4.3.1 Adipose tissue-derived inflammatory factors

During obesity, as adipose tissue volume increases, localized hypoxia develops. Under this hypoxic and high-fat dietary environment, adipose tissue exhibits significant immune cell infiltration (macrophages, T cells) accompanied by characteristic phenotypic shifts (23): Macrophages polarize from the anti-inflammatory M2 phenotype toward the pro-inflammatory M1 phenotype, while T cells differentiate toward the type 1 helper T cell (Th1) subset rather than the type 2 helper T cell (Th2) subset (24, 25). Notably, endocrine dysregulation in obesity further fuels inflammation. Elevated LEP and APN deficiency enhance Th1 pro-inflammatory effects and M1 macrophage activity (26, 27). These immune cells promote IFN-γ, TNF-α, and IL-12 secretion via the TLR4/NF-κB pathway. These cytokines further drive immune cell phenotype shifts, establishing chronic low-grade inflammation (28). As confirmed by Frank M Schmid’s research (29), levels of IL-5, IL-10, IL-12, IL-13, and IFN-γ are significantly elevated in both generalized and abdominal obesity.

Local hypoxia during adipocyte hypertrophy also induces endoplasmic reticulum stress (ERS) (30). ERS triggers a complex adaptive response known as the unfolded protein response (UPR) (31). The standard UPR comprises three branches mediated by three transmembrane proteins on the ER: protein kinase R-like endoplasmic reticulum kinase (PERK), inositol-requiring enzyme 1 (IRE1), and transcription factor 6 (ATF6). These pathways activate inflammatory signaling, including JNK, IKK, and NF-κB, leading to increased expression of inflammatory cytokines (32, 33).

4.3.2 Cytokine-mediated ROS generation and OS

Inflammatory cytokines promote ROS production through multiple pathways (34). IL-1β activates the p38 mitogen-activated protein kinase (p38/MAPK) pathway, which plays a crucial role in OS and inflammatory responses. The activated p38/MAPK induce neutrophils to release superoxide anions, thereby increasing the generation of ROS. Proinflammatory cytokines (IL-1β, IL-6, TNF-α) further recruit ROS-producing neutrophils, amplifying inflammation (35).

ROS activate the NLRP3 inflammasome (36), a multiprotein complex in innate immunity. NLRP3 activation promotes caspase-1 maturation, which processes pro-IL-1β and pro-IL-18 into active forms (37). Under OS, excessive ROS also trigger release of inflammatory cytokines and transcription factors, establishing a positive feedback loop that perpetuates both OS and inflammation (38).

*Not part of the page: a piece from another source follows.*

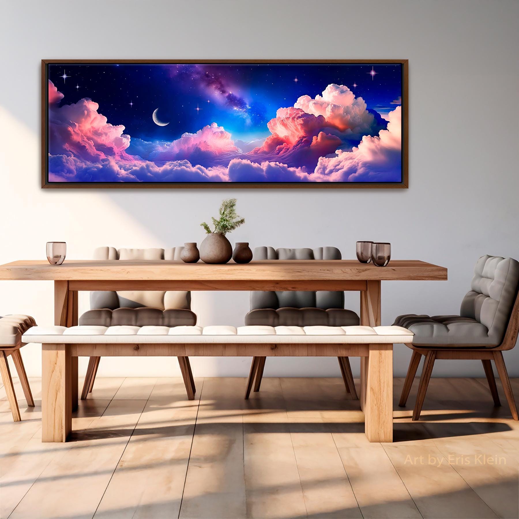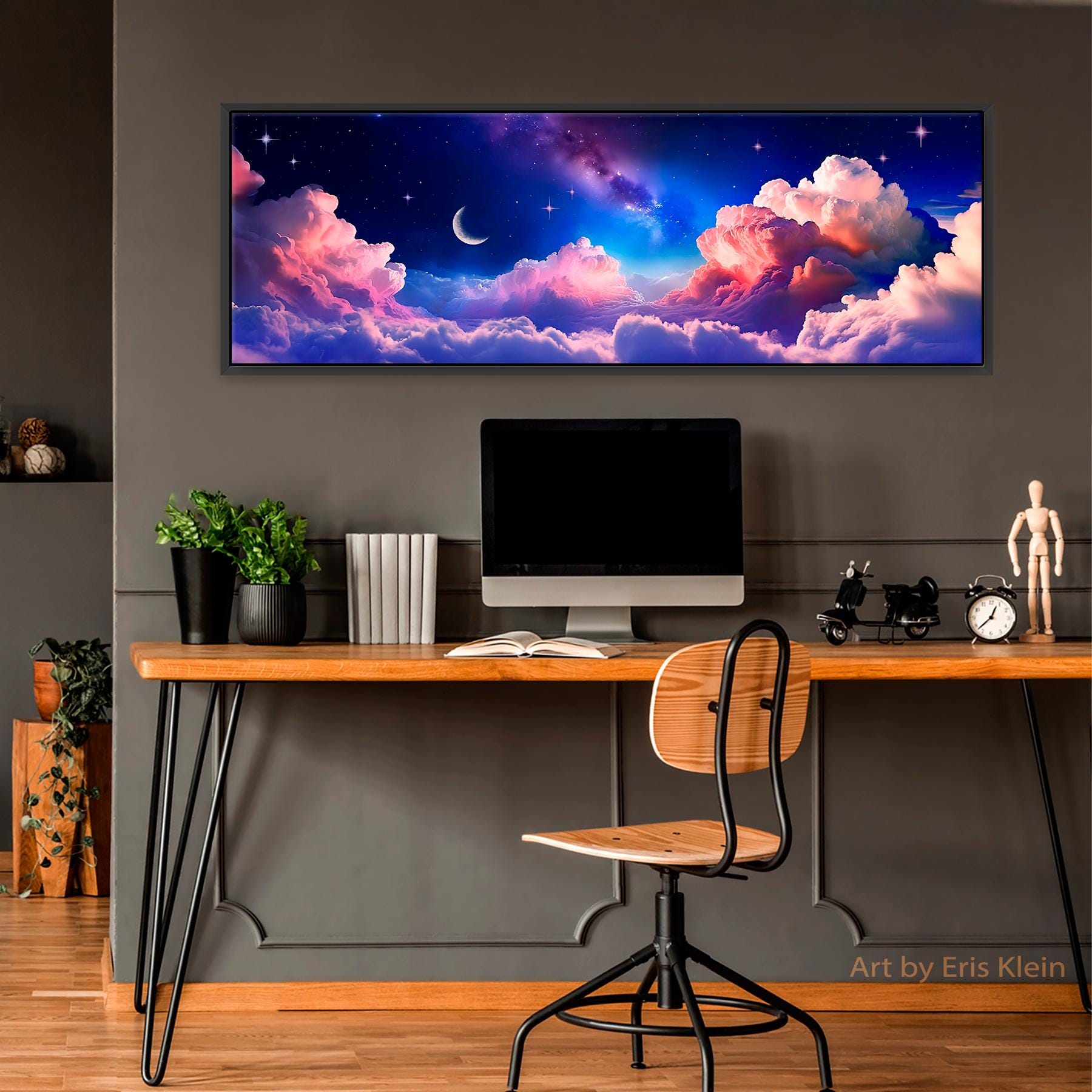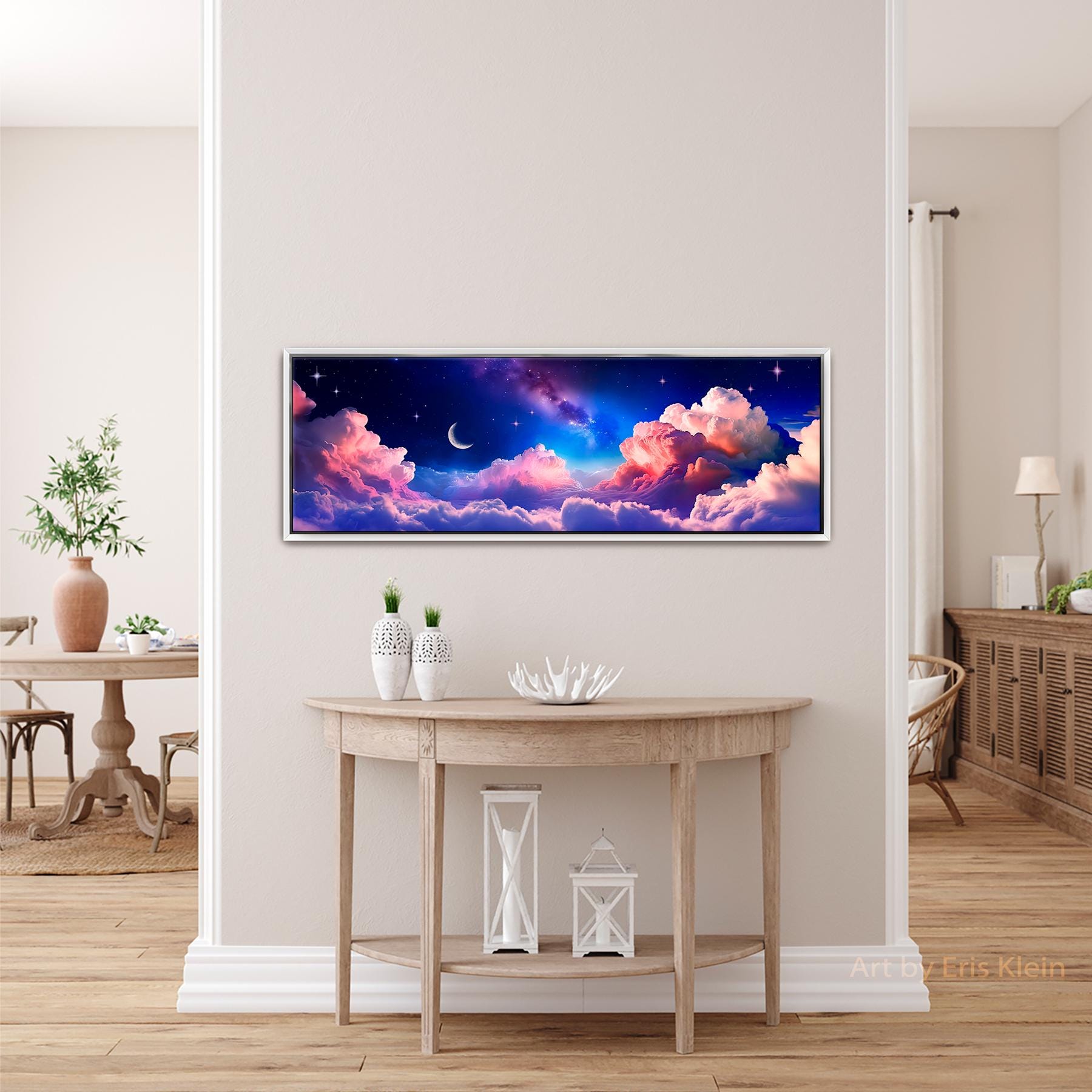 A panorama of dreamy sunset pink clouds among celestial skies. If you look close you will see the milky-way galaxy, sparkling stars and a crescent moon.

4.4 Obesity-induced gut microbiota dysbiosis and OS

Through extensive studies, it has been demonstrated that obesity markedly changes the composition of microbiota (39), characterized by decreased diversity of microbiota compared with that in normal-weight individuals (40). This decrease in diversity results in the disturbance of the balance between beneficial and pathogenic bacteria, and a relative increase in the abundance of harmful bacterial populations. Specifically, individuals with obesity present an increased Firmicutes-to-Bacteroidetes ratio. Given that the Firmicutes can increase the energy harvest efficiency of dietary materials, individuals with obesity present increased metabolic disturbance (41).

The gut microbiota generates various reactive metabolites (42), including hydrogen peroxide (H₂O₂) and superoxide anions (O₂^-), which directly modulate intestinal redox homeostasis. When intestinal epithelial cells and immune cells detect bacterial components and metabolites through pattern recognition receptors (e.g., Toll-like receptors, TLRs), they activate NADPH oxidases, resulting in ROS production (O₂^-, H₂O₂). While these ROS serve antimicrobial functions, excessive generation may cause oxidative damage to host cells, precipitating OS (43).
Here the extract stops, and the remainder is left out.